5.2 KiB
| title | sidebar_label | description | pagination_prev | pagination_next |
|---|---|---|---|---|
| Spreadsheet Processing in Mathematica | Mathematica | Build complex data pipelines in Mathematica Notebooks. Seamlessly create datasets with SheetJS. Leverage the Mathematica ecosystem to analyze data from Excel workbooks. | demos/cloud/index | demos/bigdata/index |
import current from '/version.js'; import CodeBlock from '@theme/CodeBlock';
Mathematica is a software system for mathematics and scientific computing. It supports command-line tools and JavaScript extensions.

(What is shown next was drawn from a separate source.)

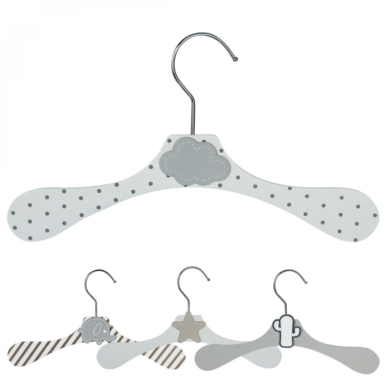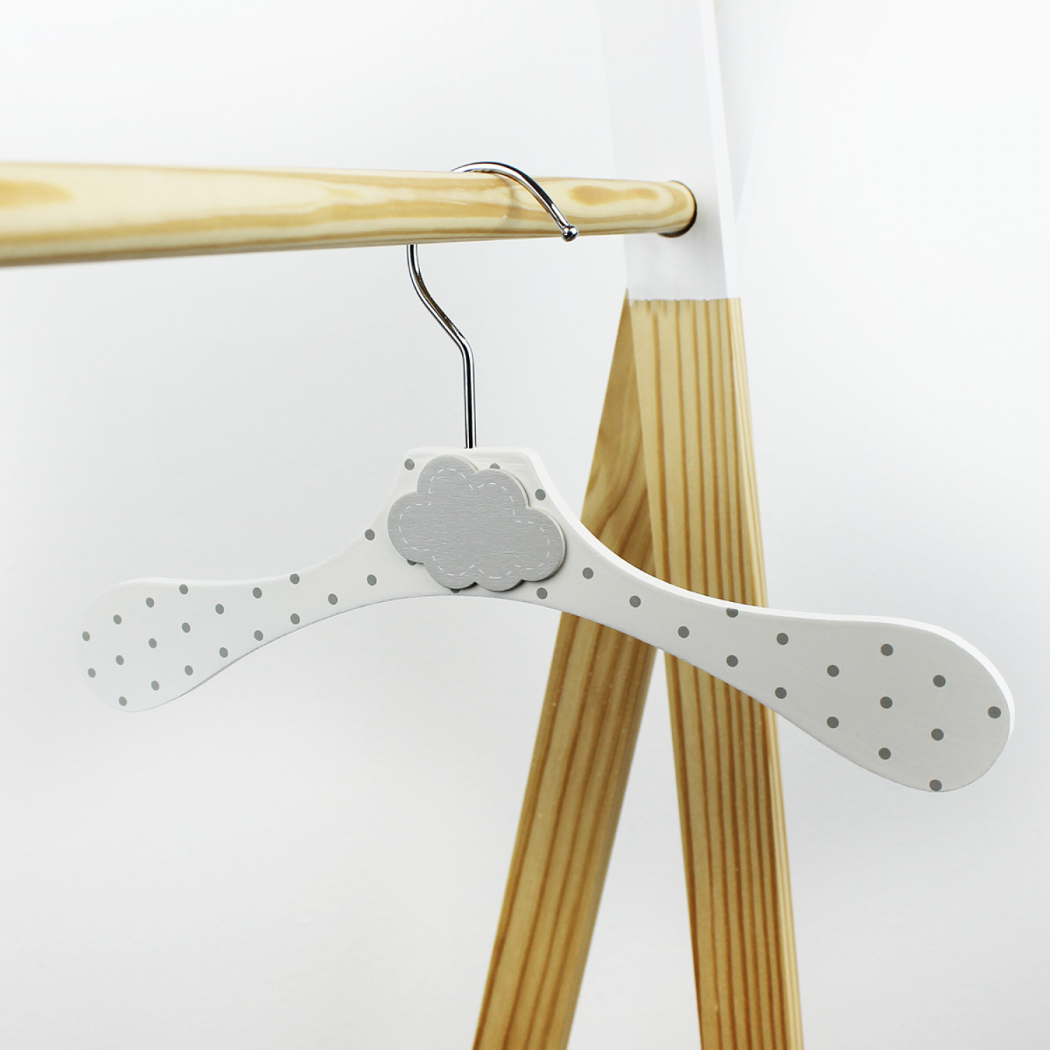 | Libellé | Monsieur Bébé - Lot de 50 cintres bois 28 cm bébé, enfant avec crochet pivotant - Cintre blanc à pois gris et nuage gris |

SheetJS is a JavaScript library for reading and writing data from spreadsheets.
This demo uses SheetJS to pull data from a spreadsheet for further analysis within Mathematica. We'll explore how to run an external tool to generate CSV data from opaque spreadsheets and parse the data from Mathematica.
:::note
This demo was last tested in 2023 August 21 in Mathematica 13.2.1.
:::
Integration Details
The SheetJS NodeJS module can be
loaded in NodeJS scripts, including scripts invoked using the "NodeJS" mode
of the ExternalEvaluate1 Mathematica function.
:::caution pass
In local testing, there were incompatibilities with recent NodeJS versions.
This is a Mathematica bug.
:::
The current recommendation involves a dedicated command-line tool that leverages SheetJS libraries to to perform spreadsheet processing.
Command-Line Tools
The "Command-Line Tools" demo creates xlsx-cli, a
command-line tool that reads a spreadsheet file and generates CSV rows from the
first worksheet.
ExternalEvaluate2 can run command-line tools and capture standard output.
The following snippet processes ~/Downloads.pres.numbers and pulls CSV data
into a variable in Mathematica:
cmd = "/usr/local/bin/xlsx-cli ~/Downloads/pres.numbers"
csvdata = ExternalEvaluate["Shell" -> "StandardOutput", cmd];
ImportString3 can interpret the CSV data as a Dataset4. Typically the
first row of the CSV output is the header row. The HeaderLines5 option
controls how Mathematica parses the data:
data = ImportString[csvdata, "Dataset", "HeaderLines" -> 1]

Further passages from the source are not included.